Owing to the dependence of the kinetic mechanism on the reduction temperature, the temperature of the reduction is higher. The reduction temperature is the most significant factor limiting the rate step; a higher temperature facilitates the diffusion rate and the phase boundary reactions. According to the thermodynamic equilibrium diagram, the driving force of reduction increases with increasing temperature when H₂ is used as the reducing agent. Therefore, a higher temperature has a positive effect on the thermodynamics and kinetics. For CO as a reducing gas, the reduction driving force decreases with an increase in temperature. Therefore, H₂ has a higher reduction capacity than CO in the high temperature zone, which increases the reduction rate of iron oxide and industrial productivity. Because H₂ reduction replaces partial carbon reduction, the amount of carbon reduced per ton of iron and the proportion of direct reduction can be reduced, and the production of CO₂ can also be reduced.
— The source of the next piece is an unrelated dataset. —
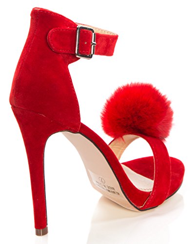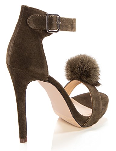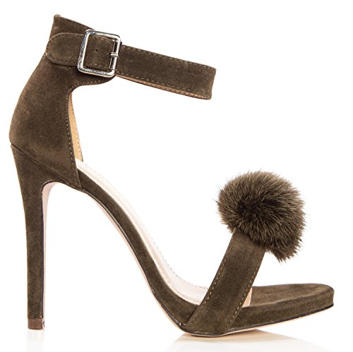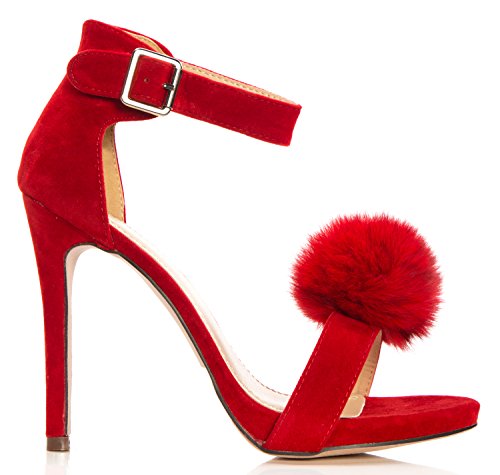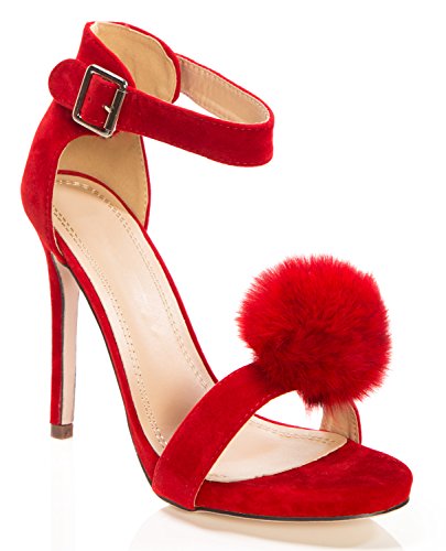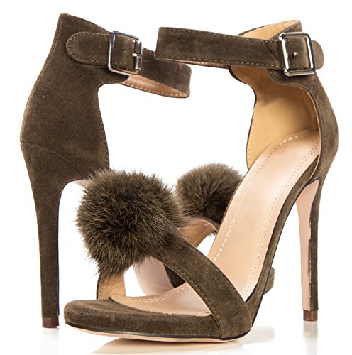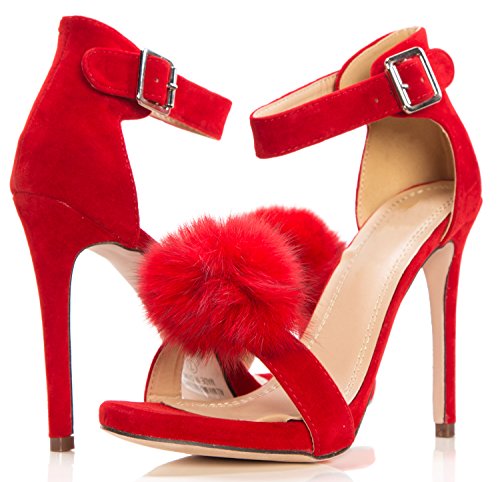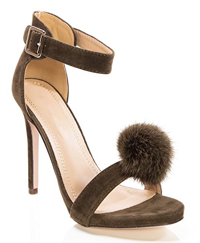 OLIVIA K Women's Platform Pom-Pom Single Band Ankle Strap High Heel Suede Sandals
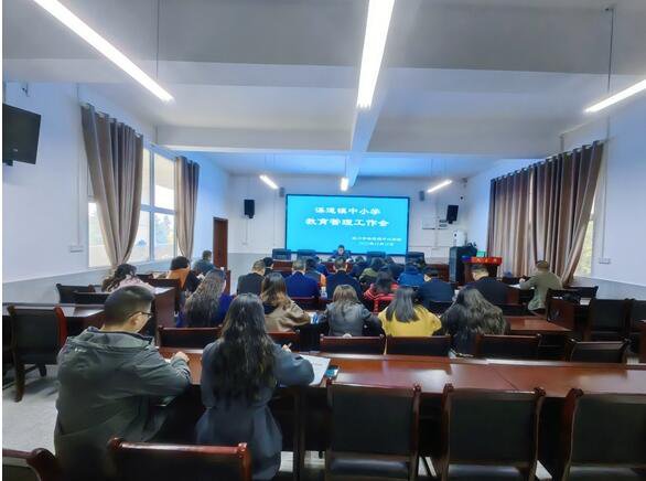 謀道鎮召開中小學教育辦理工作專題會議,謀道鎮中心班子成員、各中小校園長、分擔教學副校長及教訓室主任參加了會議,會議由謀道鎮中心校園校長張擁華同誌主持。

The structural characteristics of the ore itself also affect the reduction rate. Owing to the small molecular size of H₂ and fast diffusion rate, the contact area of H₂ with the same particle size ore is increased, the diffusion resistance is low, and the reduction rate is high compared to CO. A high porosity burden allows for better diffusion of reducing gases to the reaction interface. The sinter has a high internal porosity and pore structure of different sizes, and there is little difference in the reduction effect between H₂ and CO. However, the lump and pellets had a relatively dense structure. Because of its strong diffusion ability, it is easier for H₂ to permeate into the structure than CO, which strengthens the reduction kinetics, resulting in lower reduction smelting time and higher production efficiency.

4. Conclusions

The isothermal and non-isothermal reduction behavior and mechanism of iron ore fines with H₂ were studied, and the reaction kinetics were analyzed by continuously recording the weight change of the TG equipment. The results obtained include the following aspects:

(1)

Under isothermal conditions, temperature plays a vital role in the reduction process. The activation energy was 27–93 kJ·mol⁻¹. The rate-controlling step was gaseous diffusion and interfacial chemical reaction mixed control in the initial stages, and interfacial chemical reaction and solid diffusion in the final stages. The reduction of the samples was expressed by the model function F₁ (instantaneous nucleation and unidimensional growth) toward R₂ (bidimensional shape) through the ln-ln and sharp analyses.

(2)

In the non-isothermal reduction experiment, the heating rate significantly affected the reaction rate. The average activation energy calculated by the KAS method was 26 kJ·mol⁻¹. The reaction mechanism was analyzed using the Malek method. The models for the non-isothermal kinetics of the reduction of iron ore fines include mixed control, two-dimensional diffusion, and three-dimensional diffusion, depending on the stage of the reduction process.

(3)

The reduction of the sample under isothermal conditions can be described by a unidimensional growth at the initial stage of reduction and the 2D shrinking layer reaction mechanism at a later stage. Under non-isothermal conditions, the reduction of the sample is described, in turn, by the mixing control, 2D reaction, and 3D reaction.

(4)

The use of H₂ as a reducing agent changes the conditions of the iron oxide reduction reaction, the reduction rate, and the morphology of reduction products, leading to significant changes in its reaction kinetic process. Basic theoretical research on the future large-scale use of H₂ in the ironmaking process is needed to really achieve low-carbon ironmaking.